Supplied information —
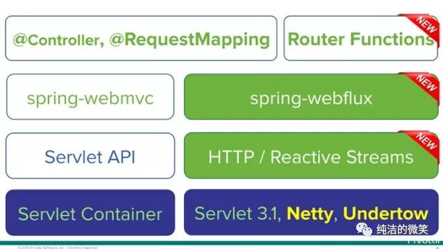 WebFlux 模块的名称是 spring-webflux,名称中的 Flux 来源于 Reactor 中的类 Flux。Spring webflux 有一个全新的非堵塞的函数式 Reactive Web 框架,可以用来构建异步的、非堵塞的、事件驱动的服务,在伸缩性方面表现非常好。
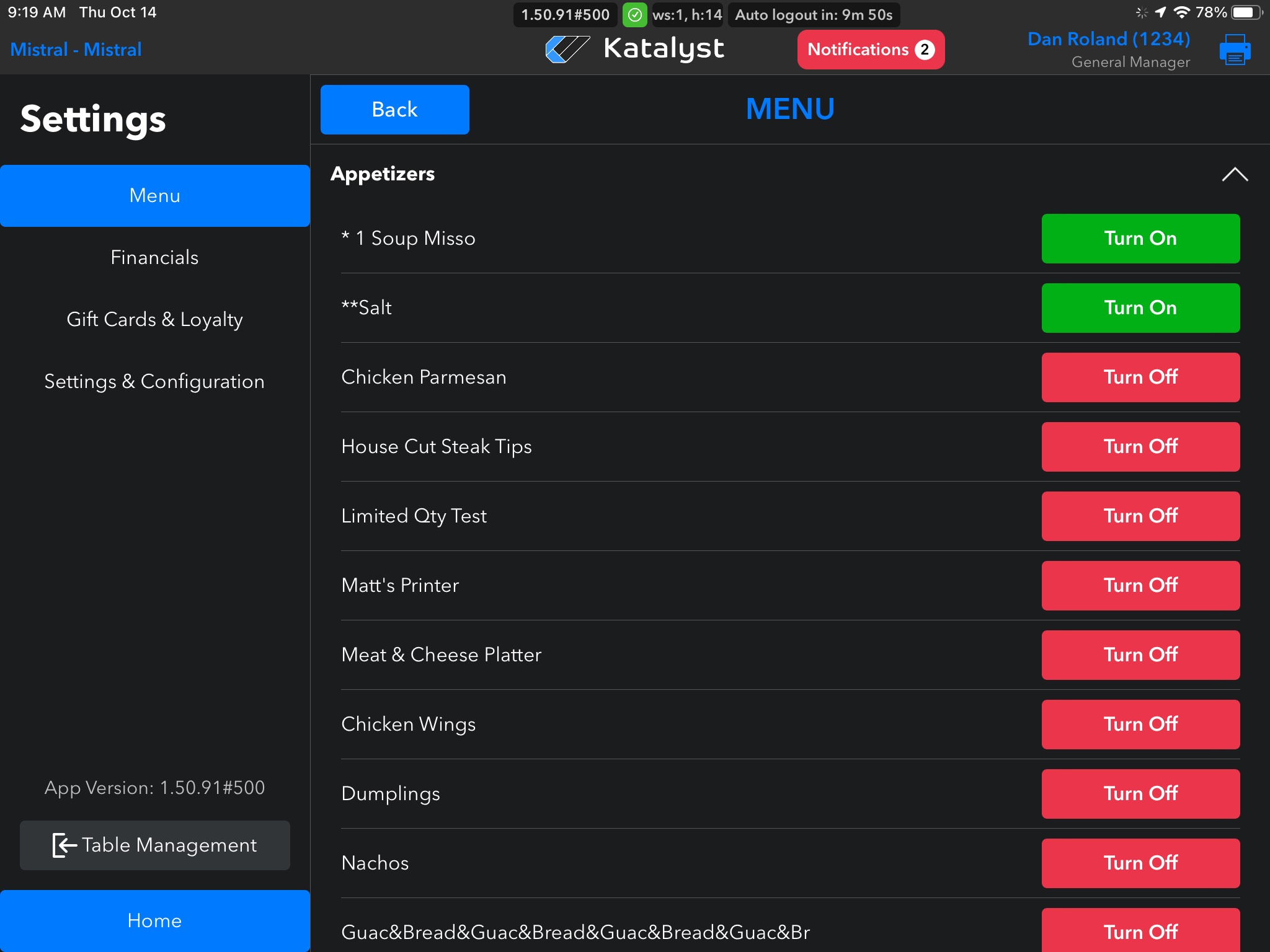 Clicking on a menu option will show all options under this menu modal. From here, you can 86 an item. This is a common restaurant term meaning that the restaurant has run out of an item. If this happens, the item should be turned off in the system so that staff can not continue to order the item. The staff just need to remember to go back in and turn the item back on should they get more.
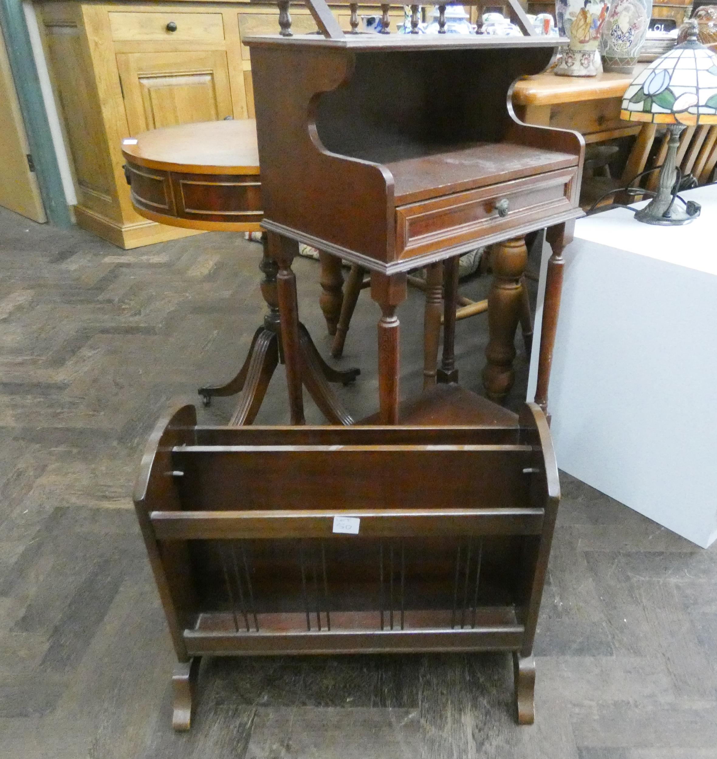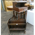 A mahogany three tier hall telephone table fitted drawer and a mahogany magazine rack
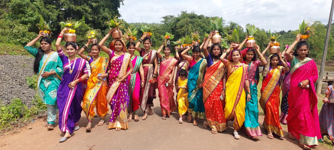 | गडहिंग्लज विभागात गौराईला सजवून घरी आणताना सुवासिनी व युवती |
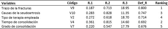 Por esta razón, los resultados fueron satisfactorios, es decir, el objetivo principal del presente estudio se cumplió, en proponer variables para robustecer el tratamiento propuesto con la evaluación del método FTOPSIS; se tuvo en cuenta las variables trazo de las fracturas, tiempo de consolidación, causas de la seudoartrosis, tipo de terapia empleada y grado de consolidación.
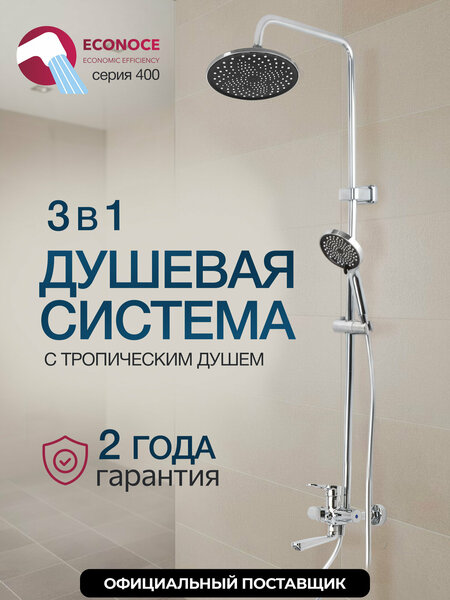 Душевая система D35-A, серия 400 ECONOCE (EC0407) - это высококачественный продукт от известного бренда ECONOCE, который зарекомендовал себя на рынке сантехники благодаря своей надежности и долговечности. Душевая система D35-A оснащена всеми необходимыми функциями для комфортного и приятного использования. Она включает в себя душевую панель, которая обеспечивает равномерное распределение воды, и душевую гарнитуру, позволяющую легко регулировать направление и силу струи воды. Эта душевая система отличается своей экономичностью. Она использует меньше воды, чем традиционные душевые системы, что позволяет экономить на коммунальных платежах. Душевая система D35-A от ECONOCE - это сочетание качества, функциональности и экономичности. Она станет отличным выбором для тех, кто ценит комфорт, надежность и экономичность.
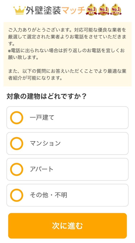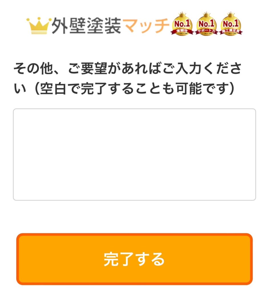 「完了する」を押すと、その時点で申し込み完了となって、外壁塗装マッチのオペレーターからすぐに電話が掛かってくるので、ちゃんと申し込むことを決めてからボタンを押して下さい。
--
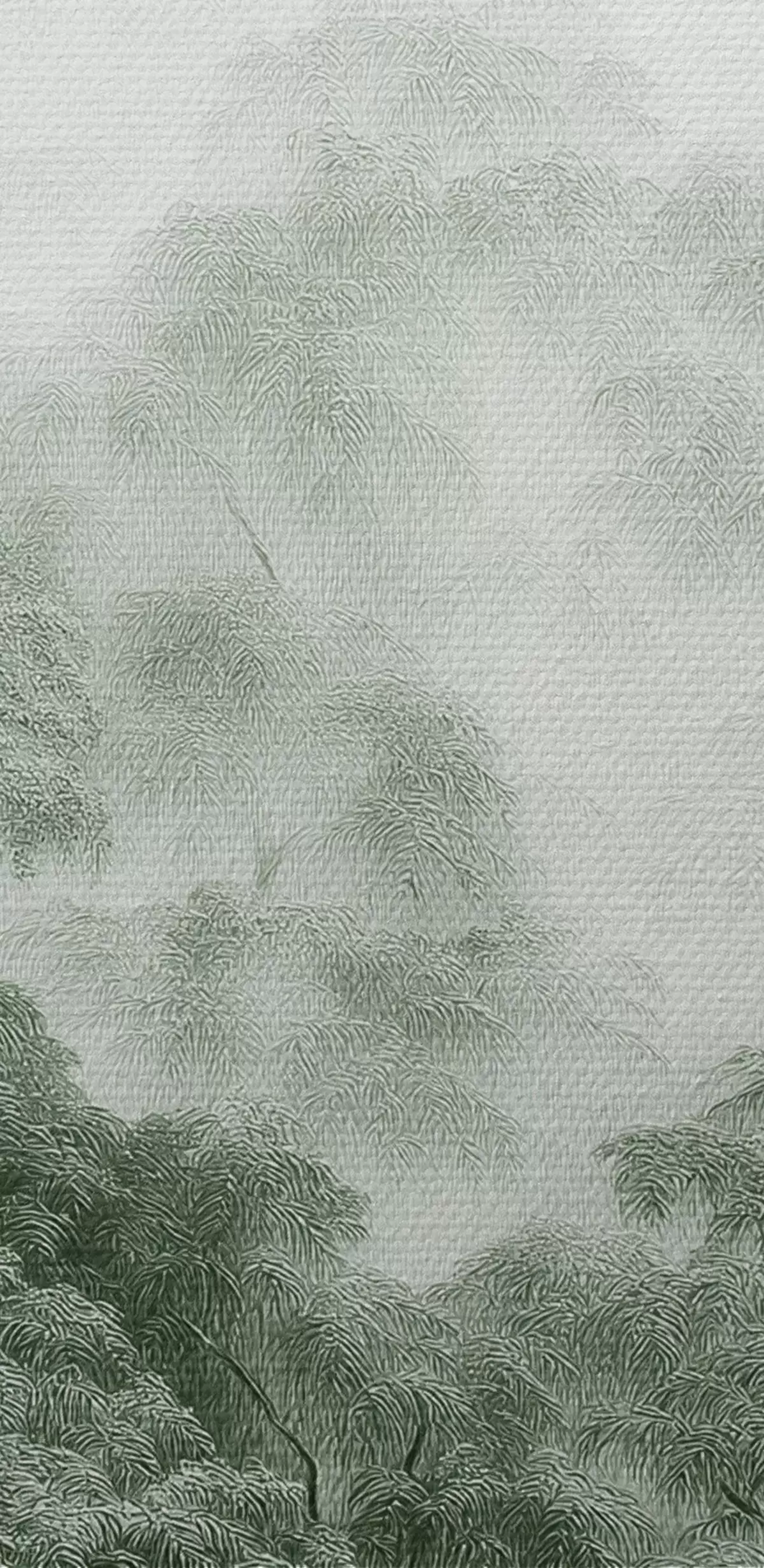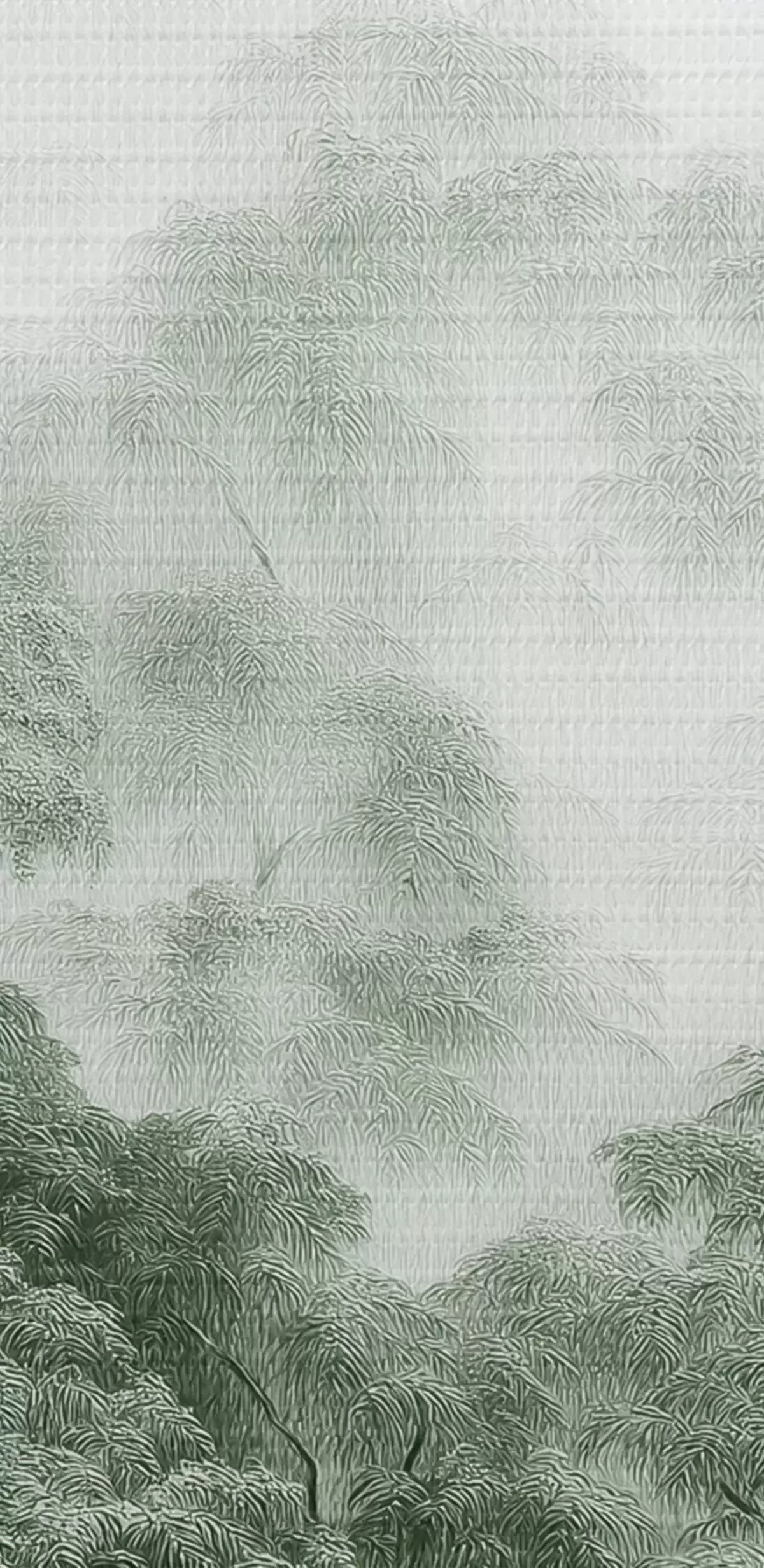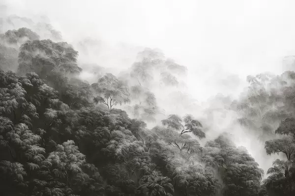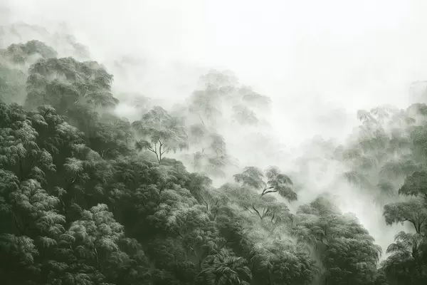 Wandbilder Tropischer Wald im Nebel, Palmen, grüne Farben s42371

Problem statement — Between and including the line with "WebFlux 模块的名称是 spring-webflux,名称中的" and the line with "सुवासिनी व युवती |", repeat every line exactly as it appears above, with pictures left out.

Answer for this exercise —
 WebFlux 模块的名称是 spring-webflux,名称中的 Flux 来源于 Reactor 中的类 Flux。Spring webflux 有一个全新的非堵塞的函数式 Reactive Web 框架,可以用来构建异步的、非堵塞的、事件驱动的服务,在伸缩性方面表现非常好。
 Clicking on a menu option will show all options under this menu modal. From here, you can 86 an item. This is a common restaurant term meaning that the restaurant has run out of an item. If this happens, the item should be turned off in the system so that staff can not continue to order the item. The staff just need to remember to go back in and turn the item back on should they get more.
 A mahogany three tier hall telephone table fitted drawer and a mahogany magazine rack
 | गडहिंग्लज विभागात गौराईला सजवून घरी आणताना सुवासिनी व युवती |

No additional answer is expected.